╭─ Dataset extract
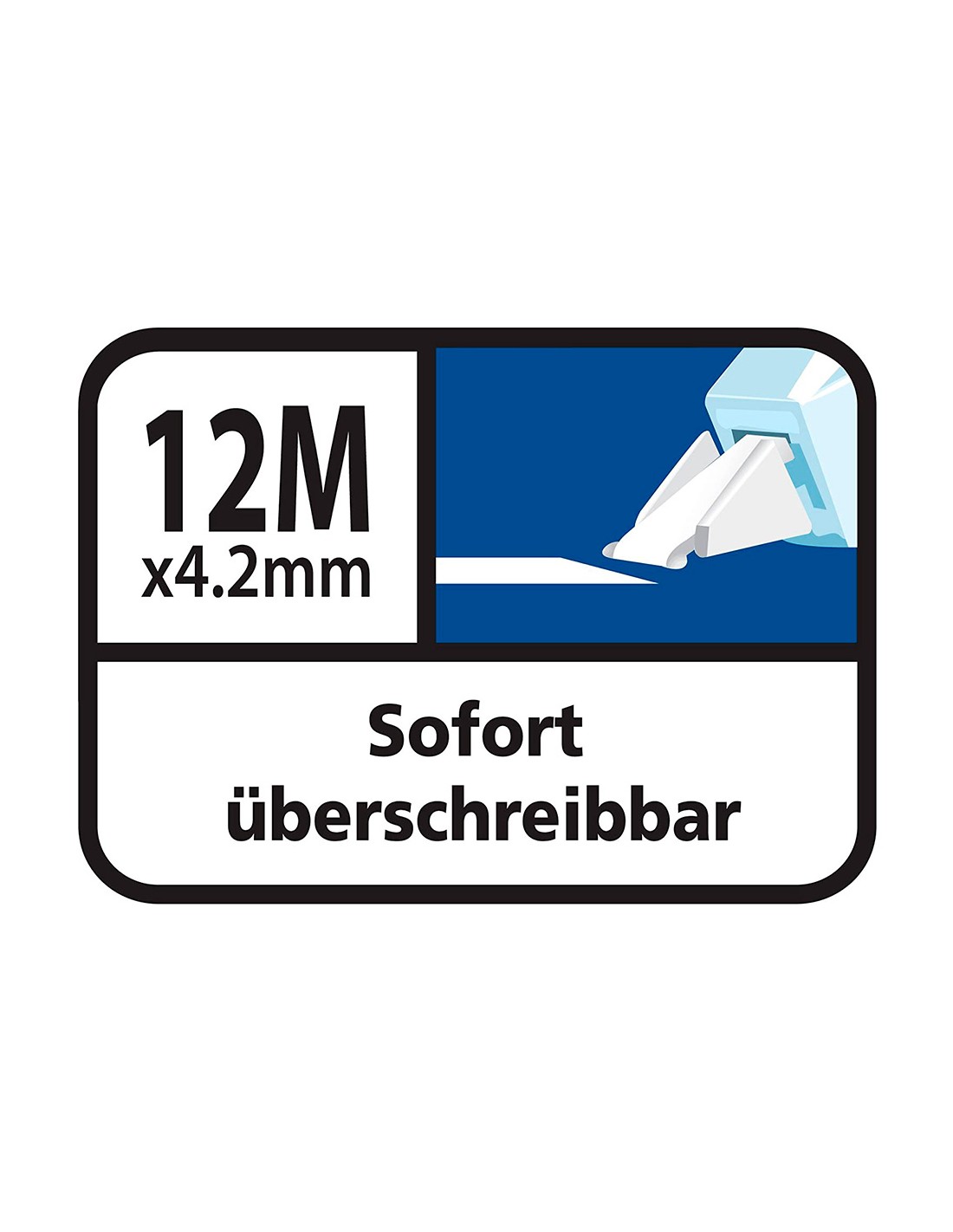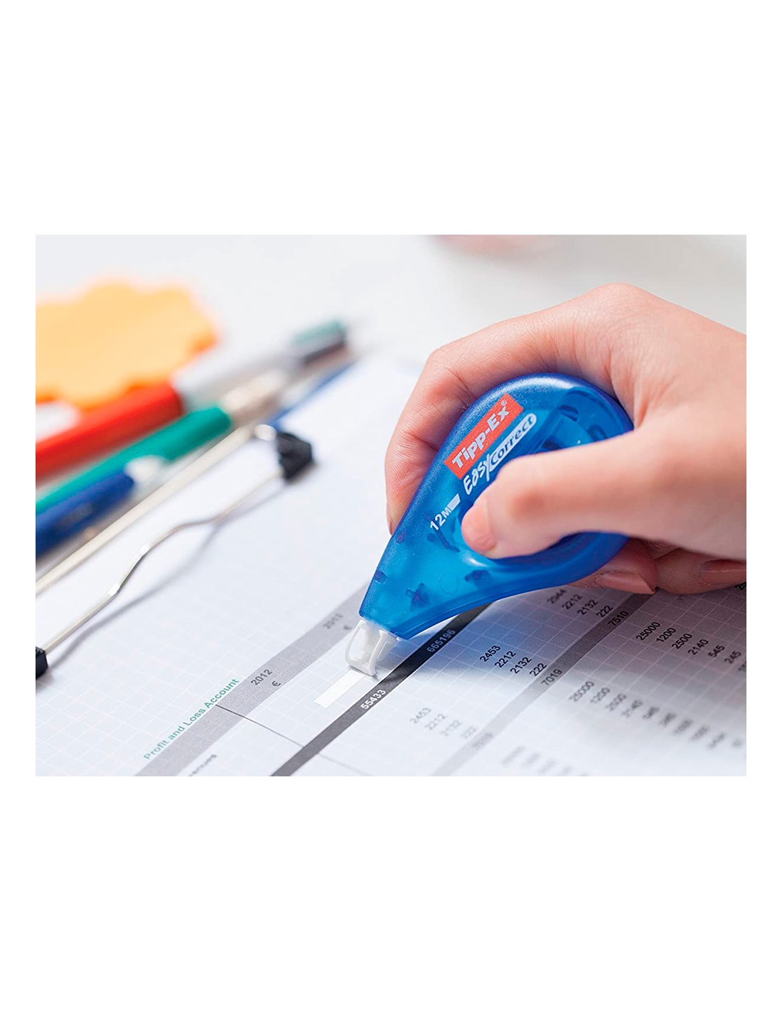 Cinta correctora en seco. Cuerpo translúcido azul, diseño divertido. Reescritura rápida y cómoda. Ideal para todo tipo de papel. Invisible al fotocopiar. Muy fácil de aplicar. Corrección lateral. Ancho de la cinta 4,2 mm. Largo 12 m.
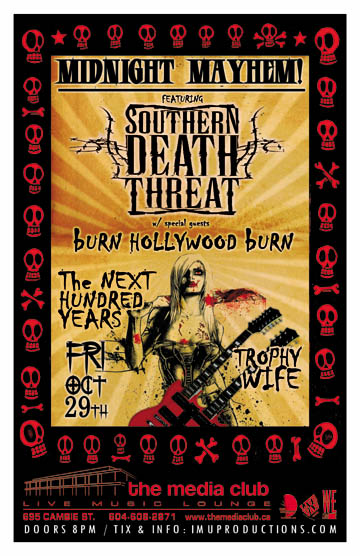 . Friday, October 29th IMU presents MIDNIGHT MAYHEM! Featuring SOUTHERN DEATH THREAT, BURN HOLLYWOOD BURN, The NEXT HUNDRED YEARS & TROPHY WIFE @ The Media Club, 695 Cambie Street . Doors 8pm
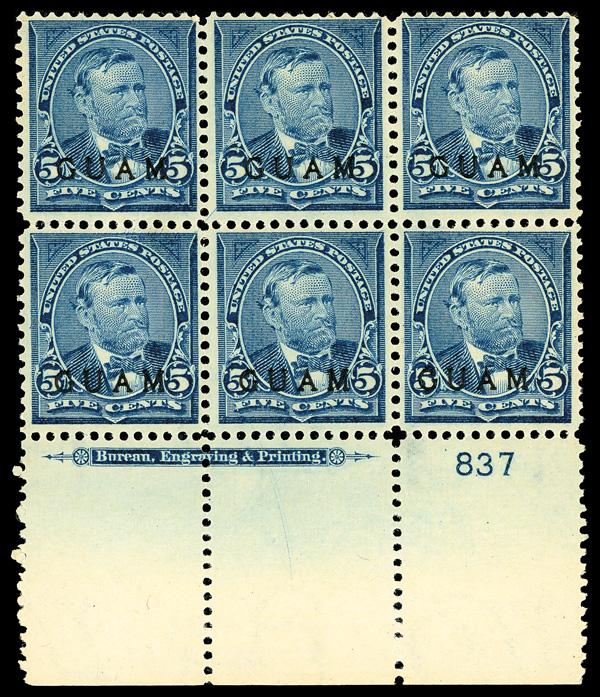 1899, 5¢ Grant, blue (Scott 5), wide bottom margin plate block of 6 with plate number 837, Fresh, undiminished appearance, disturbed o.g., Fine. Scott $700. (Image)
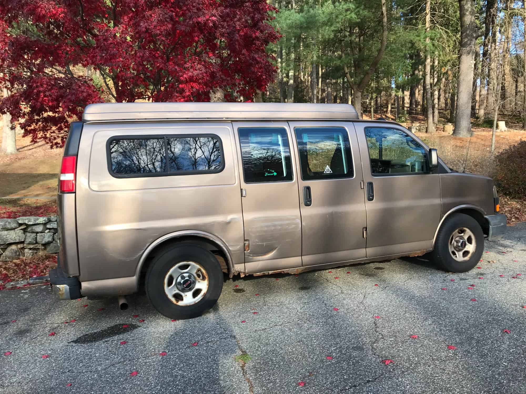 AWD Sportsmobile Conversion Camper Van—10 passenger, penthouse roof pop top (sleeps 2), 2 bench seats with under seat storage which convert to a large bed (sleeps 2-3), coat closet, microwave and TV cabinet with storage drawer, portable table, full privacy curtains, 110/220 electric hookup, Stowaway-2 hitch carrier, running condition. original owner. $4000 or best offer.
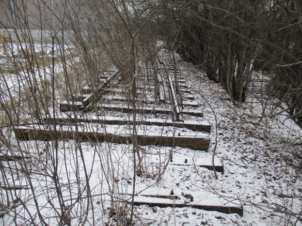 Work was completed on the next section of the trail during the winter of 2001/2002. Winter was chosen so the impact on the local environment would be lessened. A boardwalk was constructed to carry the trail above the creek as it passes under the railway tracks. The concrete bridge over Devil’s Creek replaces an earlier wooden trestle, of which the pilings can still be seen between the boardwalk and the concrete as you pass by.
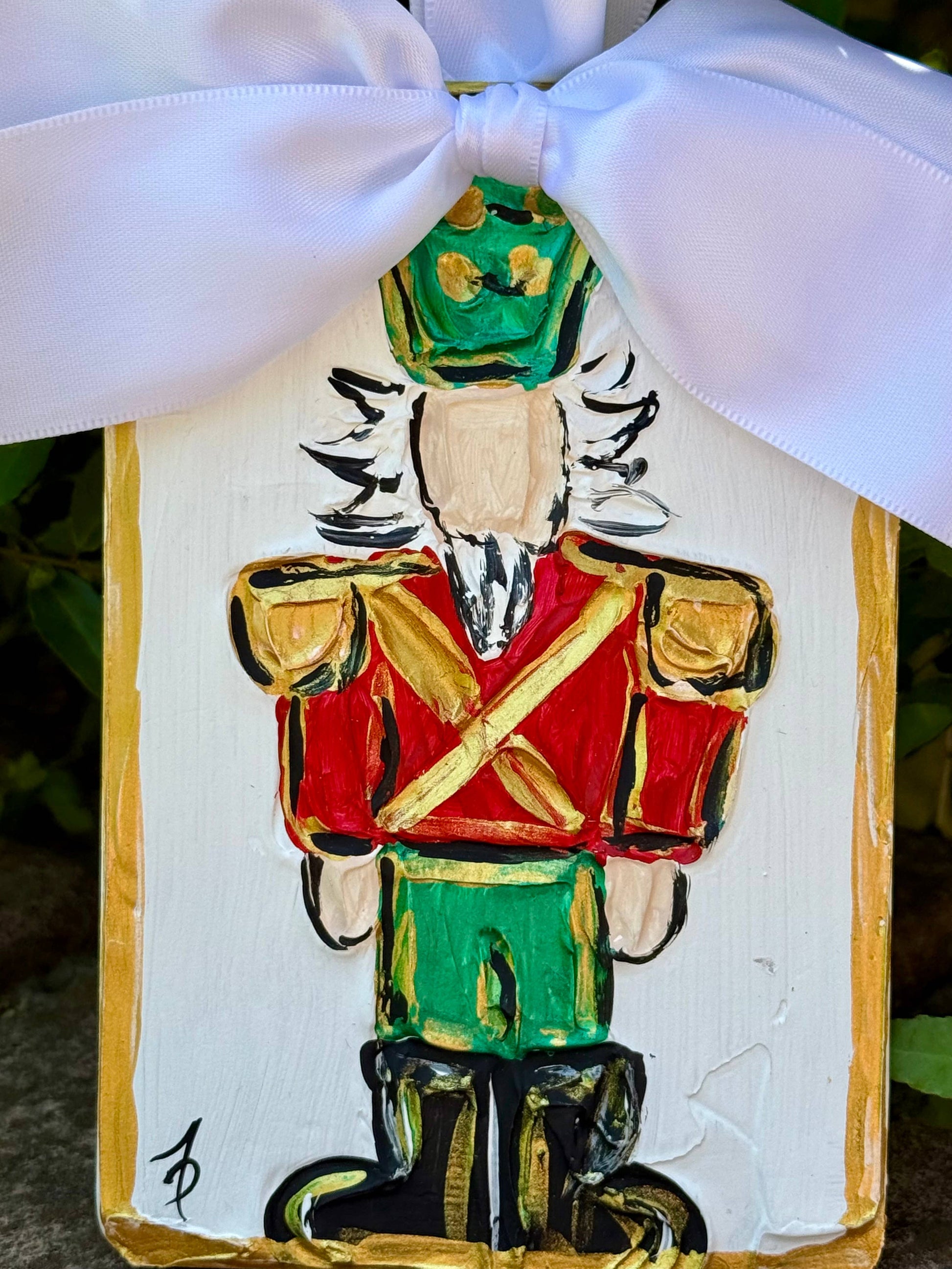 These hand textured and hand painted nutcracker ornaments will make a great addition to any tree. Ornament size: 4”x6”. Each ornament is an original work of art (not a transfer or printed on) making no two exactly alike. Chose from 4 different color combinations. A 1 1/2” double faced satin ribbon is added for easy hanging on the tree.
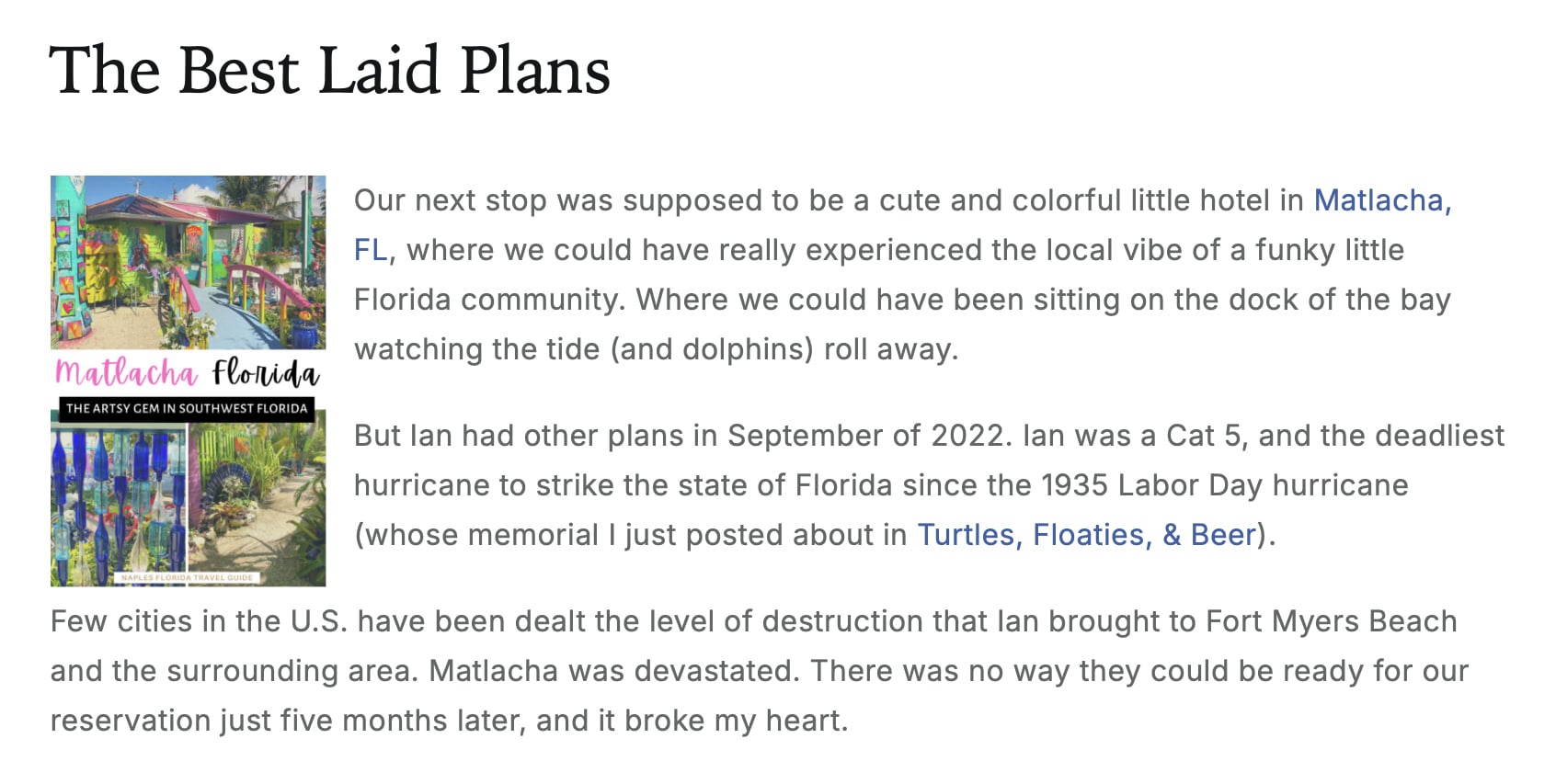 We had a room booked in Matlacha for 2023, but Hurricane Ian devastated this lively little town and everything around it. We were getting a little nervous when Helene and then Milton headed that way before this trip, but luck was on their side – and also on ours.
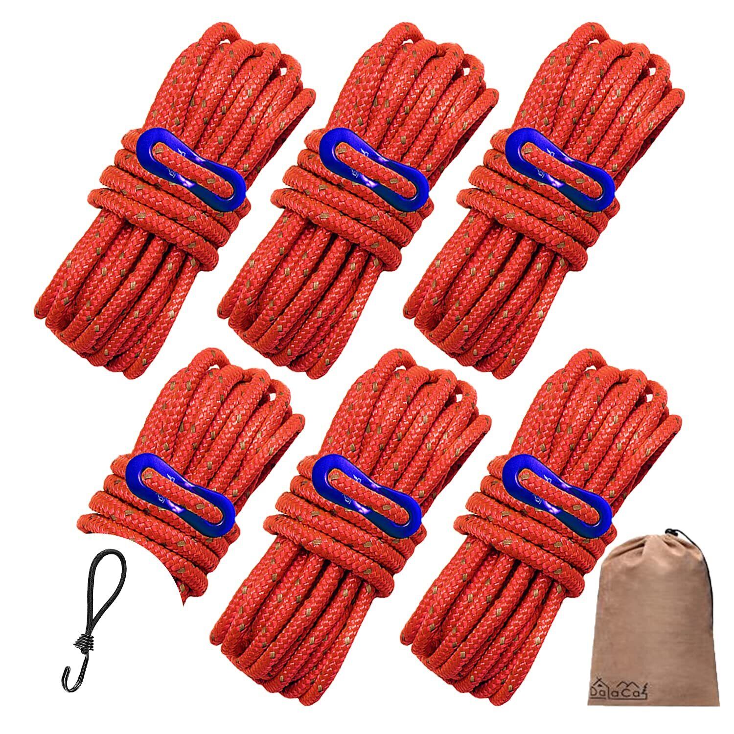 DaLaCa パラコード テントロープ タープロープ ガイロープ 反射材入り 太さ 4mm 長さ 4m 6本 / 8本 / 10本 セット 耐荷重 300kg 自在金具 収納袋 ストレッチコード 付き (レッド6本+ストレッチコード6本)
╰─
The answer must consist solely of the lines from the first line of the records through the line containing "Work was completed", reproduced exactly and without the pictures.

 Cinta correctora en seco. Cuerpo translúcido azul, diseño divertido. Reescritura rápida y cómoda. Ideal para todo tipo de papel. Invisible al fotocopiar. Muy fácil de aplicar. Corrección lateral. Ancho de la cinta 4,2 mm. Largo 12 m.
 . Friday, October 29th IMU presents MIDNIGHT MAYHEM! Featuring SOUTHERN DEATH THREAT, BURN HOLLYWOOD BURN, The NEXT HUNDRED YEARS & TROPHY WIFE @ The Media Club, 695 Cambie Street . Doors 8pm
 1899, 5¢ Grant, blue (Scott 5), wide bottom margin plate block of 6 with plate number 837, Fresh, undiminished appearance, disturbed o.g., Fine. Scott $700. (Image)
 AWD Sportsmobile Conversion Camper Van—10 passenger, penthouse roof pop top (sleeps 2), 2 bench seats with under seat storage which convert to a large bed (sleeps 2-3), coat closet, microwave and TV cabinet with storage drawer, portable table, full privacy curtains, 110/220 electric hookup, Stowaway-2 hitch carrier, running condition. original owner. $4000 or best offer.
 Work was completed on the next section of the trail during the winter of 2001/2002. Winter was chosen so the impact on the local environment would be lessened. A boardwalk was constructed to carry the trail above the creek as it passes under the railway tracks. The concrete bridge over Devil’s Creek replaces an earlier wooden trestle, of which the pilings can still be seen between the boardwalk and the concrete as you pass by.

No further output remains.